In today's business regime, financial institutes not only focus on profit but also have to secure organizations from various financial crimes. The convenient technique to assure the integrity of financial institutes such as banks, insurance, fintech, etc., is to verify the business and customer they are working with. This will assist them in complying with Financial Action Task Force (FATF) standards. Financial institutions can also follow enhanced due diligence (EDD) measures for high-risk scrutiny. It will highlight the risks that can not be detected by normal customer due diligence (CDD) and secure the organizations from money laundering and terrorist financing.
In simple words, EDD is the anti-money laundering (AML) and know-your-customer (KYC) process to provide high-risk business verification. It raises the bar for the scammers and provides in-depth identity insurance for the customer. The EDD will conduct the risk assessments of the business and customers. It is mainly designed to deal with the high-risk and hefty amount of transactions clients. These persons are always vulnerable to the financial institutes and pose a greater risk of being involved in illicit activities. EDD ensures the banks and other organizations' customers are legal and everything is up and up.
Financial institutes mostly rely on KYC derivatives to ensure the client's identity before onboarding. But these are only reliable for verifying the customer with low risk for high-risk clients companies utilize enhanced due diligence measures. The EDD is used chiefly when someone becomes a client or applies for a product or service depending on the specific nature of their demand, or sometimes certain signs may indicate an increase in risk associated with an existing business relationship. For instance, if the customer or a business partner is identified as an Exposed Person (PEP) or a family member or close associate of a PEP. This implies that the customer has connections to authorities such as heads of state or government officials and could be involved in activities, like corruption and money laundering.
EDD is used in an investigation process that goes beyond due diligence practices. Its purpose is to gather an understanding of customers or business relationships in industries prone to higher risks of money laundering, fraud, and financial crimes. To achieve its aims of obtaining information about customers' backgrounds, activities, and potential risks involved during EDD compliance, companies take various steps. Here's an overview of how EDD's conducted;
Before starting the EDD process, companies define the risk associated with the clients by risk approach. It discloses the level of risk at which the client falls. In the risk assessment, there are various factors which rely on, such as the location of the business, shareholders, product, and business activities, are checked. Risk management ensures that financial institutes know about customers' backgrounds and profiles. According to the risk assessment result, companies follow enhanced due diligence or customer due diligence. It enables the banks and financial institutes to create a rigid due diligence process for the customer, which complies with the risk associated with their business.

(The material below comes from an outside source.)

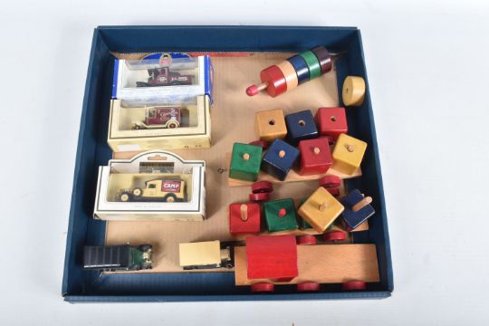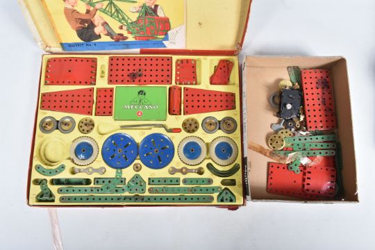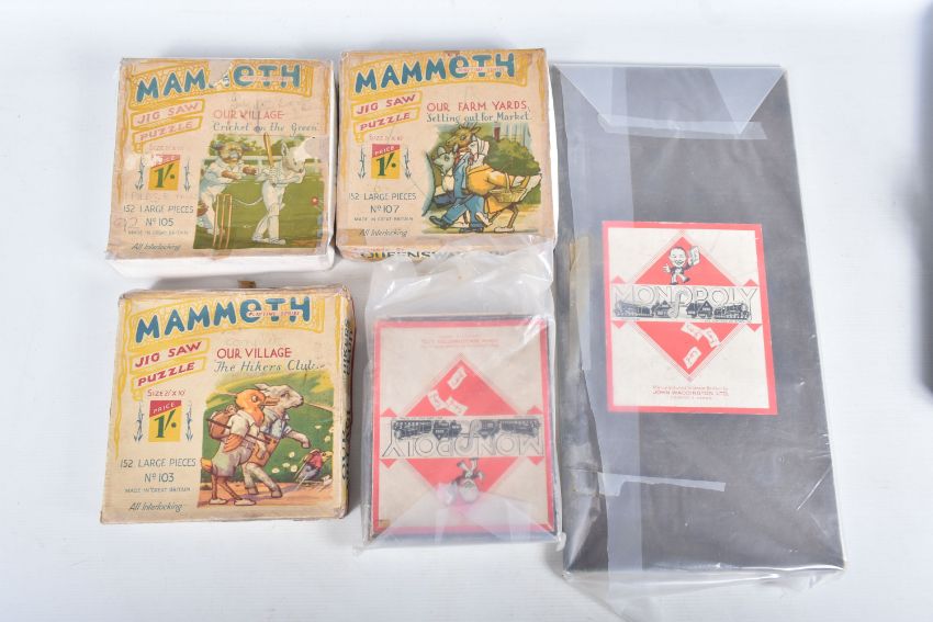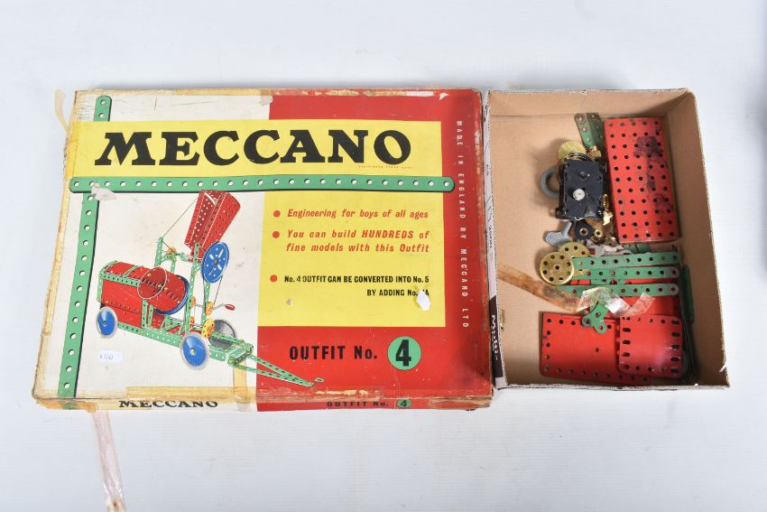A BOXED MECCANO OUTFIT No.4, red and green era, contents not checked but appears to be missing some parts, with a quantity of extra loose parts including gears and hinged flat plate, three boxed vintage Mammoth Playtime Series wooden jigsaw puzzles, contents not checked, one box states that a piece is missing, boxed Monopoly set, contents not checked, quantity of babies wooden blocks & toys, small quantity of boxed and unboxed Lledo diecast vehicles, majority of boxes with damage and wear (2 boxes)

After conducting a risk assessment approach, banks and financial institutes know the essential documents they need from businesses to comply with AML regulations. EDD entails an analysis of the customer's resources and wealth. This encompasses gaining insight into the origin of the funds associated with their business dealings and evaluating the authenticity of said funds. A thorough investigation is carried out on the customer, encompassing their track record in business, reputation, and any potential links to activities. This may involve checking for media coverage of past disputes and actions taken by regulatory authorities.
To comply with enhanced due diligence, companies must conduct watchdog database screening. these are various secure databases from the international and national regulatory authorities such as the AML, politically exposed persons (PEPs) or others. These screenings depend on companies' policies and the nature of the service user and business needed by the financial institutes. This cross-check ensures organisations that the investors or not any shareholders are involved in any criminal activities.
Financial institutes can utilise advanced technology to comply with the EDD measurements. Digital identity verification software concludes the risk approach and provides enhanced due diligence KYC. The online verification software uses advanced machine learning and AI technology to confirm the customer's identity according to EDD compliance derivatives. It ensures that financial institutes get accurate results and seamless onboarding experiences without drawbacks to customer ratios. EDD banking is commonly used in financial institutes to combat money laundering and terrorist financing crimes effectively. Simultaneously, with international standards and robust technology, financial institutes can enhance security and mitigate risk during business and customer onboarding.
Overall, the EDD in banking assists companies in onboarding high-risk profile customers by ensuring they are not involved in illicit activities. Simultaneous compliance with enhanced due diligence and KYC ensures that financial institutes ban scammers in the first step and secure their AML system. It bolstered the companies' security and protected them from money laundering and terrorist financing, including streamlining the customer onboarding experience. Furthermore, it enabled financial institutions to detect suspicious activities quickly and efficiently. This helps to reduce the risk of financial losses and fines. Additionally, it helps to protect the reputation of financial institutes.